Recommended for hardcore DFW fans. This collection is a deeply personal, scattered exhibit of loneliness, a harrowing, sad, and convincing portrayal of damaged psyches. Wit, brilliance, and exuberance are all evident in Wallace’s oeuvre, but here, must be discerned through strata of mimesis.
Listening to the audiobook reading by the author this time around allowed me to feel landscapes of hurt and brokenness within its multitudes of layers of densely packed, heady elegance. Its psychological abysses yawned before me, its desolate precision etched indelible fingerprints of gracious remembrance into my mind.

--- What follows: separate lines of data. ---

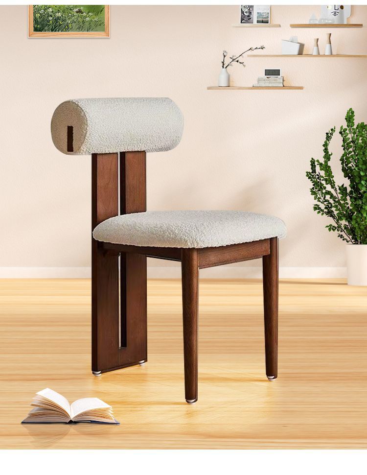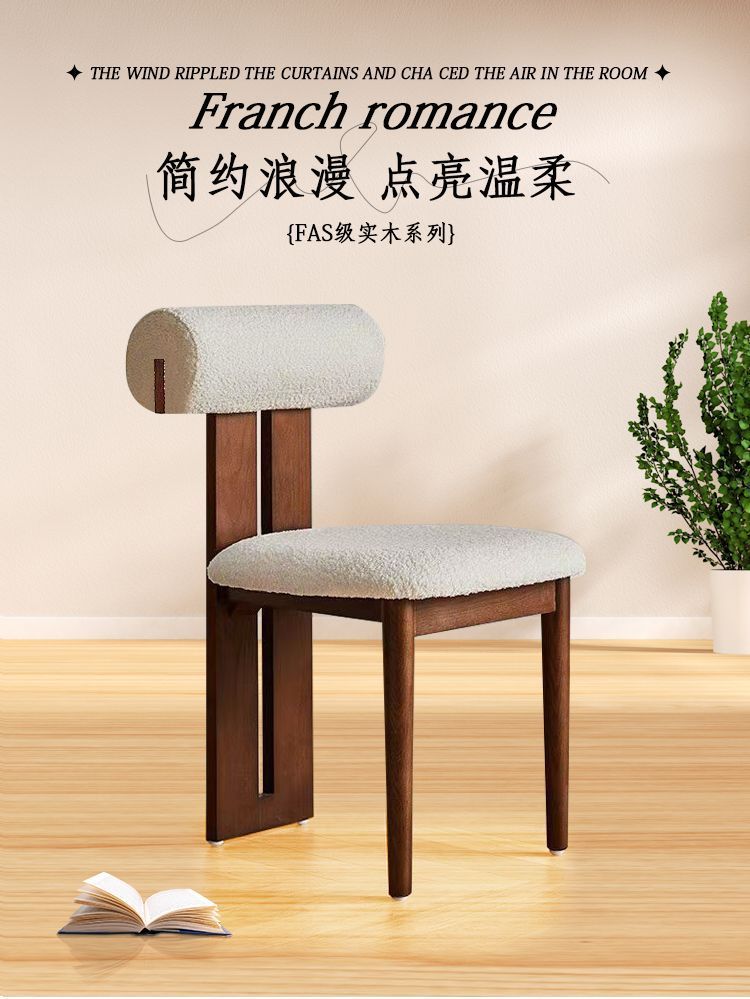 노르딕 레트로 프랑스 중년 솔리드 우드 다이닝 의자 홈 스타일 스타일 간단한 메이크업 의자 등받이 의자 라이트 럭셔리 하마 의자스토어 가기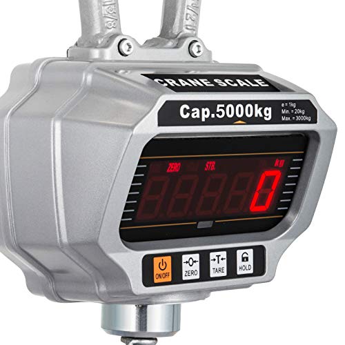 Precisione Senza Compromessi: La bilancia digitale sospesa con una capacità massima di 5000 kg / 11000 LBS, è dotata di un sensore accurato, ha un'elevata precisione di misurazione e ha anche le funzioni di Zero, tara;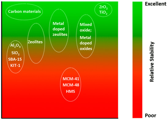 Hydrothermal stability of supports for heterogeneous catalysts in hot water at less than 374 °C. Reprinted from ref. [32] with permission. Copyright 2014 Royal Society of Chemistry.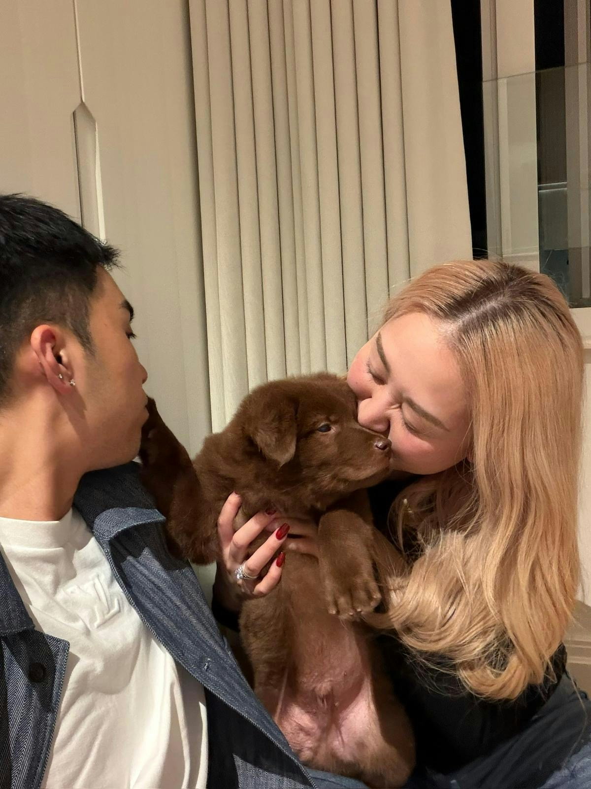 現年31歲的TVB歌手伍富橋(Alvin)與億萬太太梁兆楹(Shirley)結婚三年,日前二人宣布家中添新成員,伍富橋留言: 「一切都係緣份🍃冇錯!我哋又添加咗一位新成員啦🥹多謝 @praylovehk 讓我地遇見🙏🏼確認眼神後,真係愛不釋手❤️」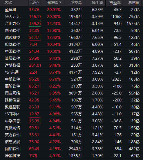 此外,自主可控产业链全线爆发,国产软件板块持续发力,盈建科、华大九天20%涨停,金山办公涨超14%,中国软件、榕基软件涨停。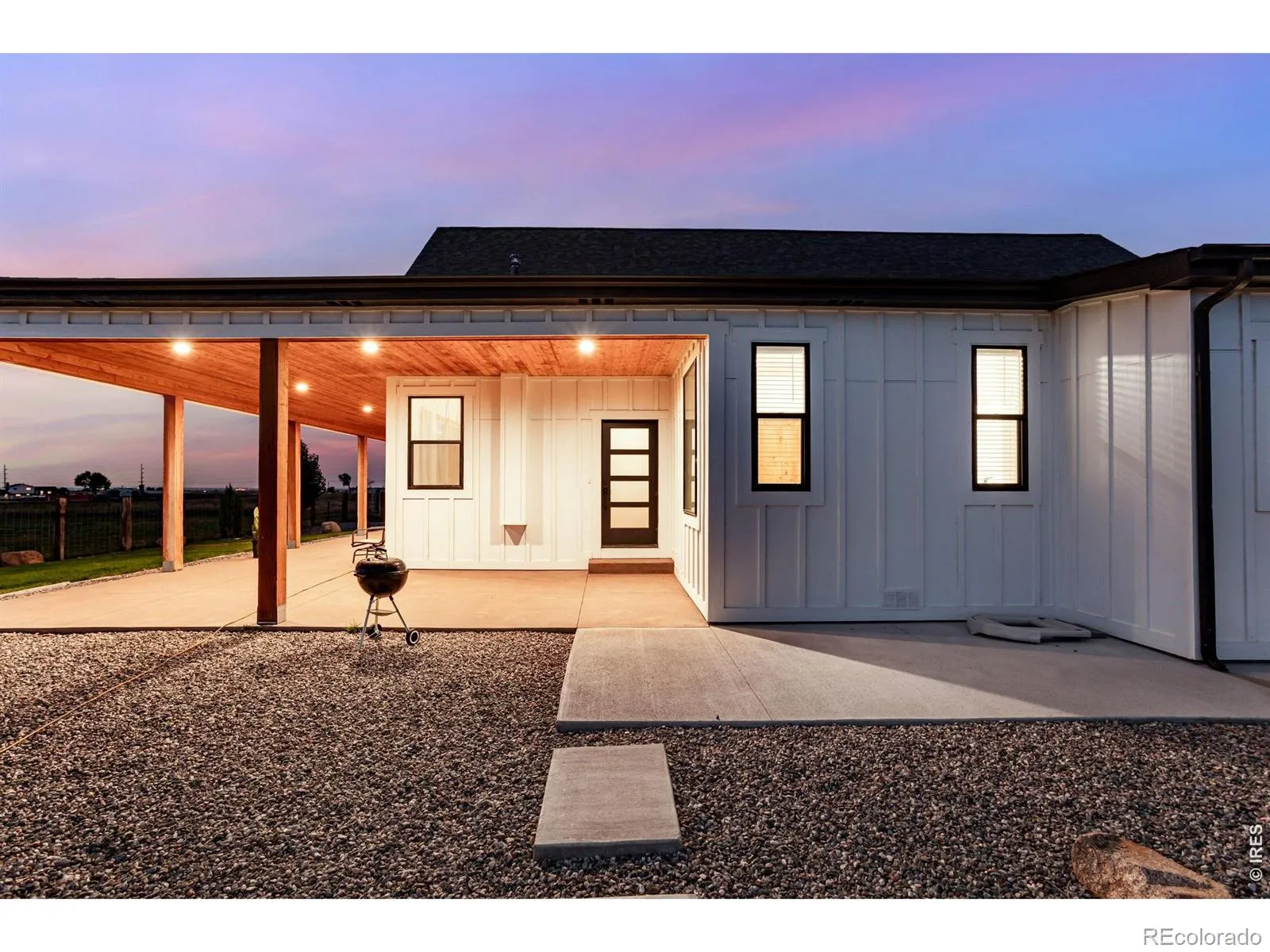 Tucked away behind a private gate, on 6.15 serene acres zoned Agricultural/Residential, this custom home offers the rare blend of rural privacy and refined living-framed by spectacular Rocky Mountain views. The exterior welcomes you with custom railroad tie and hog wire fencing, two expansive covered front patios with warm tongue-and-groove pine ceilings, and a massive backyard covered patio with sand-coated concrete. A well pump and water hydrant sit conveniently on the north side, supported by a full sprinkler and drip system. Step inside to a spacious foyer with tile flooring, coat closet, and rich 3-panel Alder doors with brushed bronze accents. The home’s hypoallergenic design features solid hardwood floors and tile throughout, illuminated by double-pane energy-efficient windows. The open kitchen, ideal for both daily living and entertaining, boasts quartz countertops, a waterfall-edged center island, dual barn-doored pantries, soft-close drawers, stainless appliances-including a gas range with flat grill-and direct front patio access. The family room’s vaulted ceilings and King pellet stove set the stage for mountain-view relaxation. The primary suite offers backyard access, dual walk-in closets, and a spa-inspired bath with quartz, overhead and wand shower, and dual lifted vanities. Additional main-level highlights include two hardwood-floored bedrooms (one with stunning views), a Jack-and-Jill bath, a corner office, guest half bath, and spacious laundry with washer/dryer included. A grand iron-railed staircase leads to a vaulted loft, 3/4 bath, and private guest bedroom with French doors. Mechanical excellence includes a Navien tankless water heater, Rheem water softener/filtration, Goodman A/C, and a 1,000-gallon owned propane tank. The oversized 1,094-sq-ft garage features a standard double door and a 12′ RV door-ready for all your Colorado adventures.E-mail brokers for additional information or to schedule a showing.

Elevating this story-jumble are the author’s tangentially related interviews with fictitious personalities, wherein elaborate thought-salads congeal into heartbreaking, cohesive episodes of disturbing humanness.
Unlike his other 2 story collections, untamed libidos and feverish perversity reign here – hence the title – along with truly awe-inspiring prose-segments, interspersed in a confusing and disorienting package, where every page yields meteoric surprises, hand-in-hand with sweaty frustrations, culled from the unhallowed interior corridors of bed-sheet-twisting angst. Especially notable are the longer pieces, the meditations on violence, where Wallace proves his mastery of voice and imitative dialogue. He somehow renders incomprehensible concepts digestible, and translates his polymathic cogitations for the layman reader.
My second reading enlarged upon my first, and no doubt a third review of his complete works would uncover further joys. His contribution to American letters is astounding, and though divisive, these fragmentary stories depict an oft-forgotten side of Wallace, who had a tendency to tiptoe around his own insecurities, except when he dramatized them, when, carried away by the slippery slope of his magnificent intellect, he connects the dots for us, that we might better come to terms with the hidden maps of the mind and heart.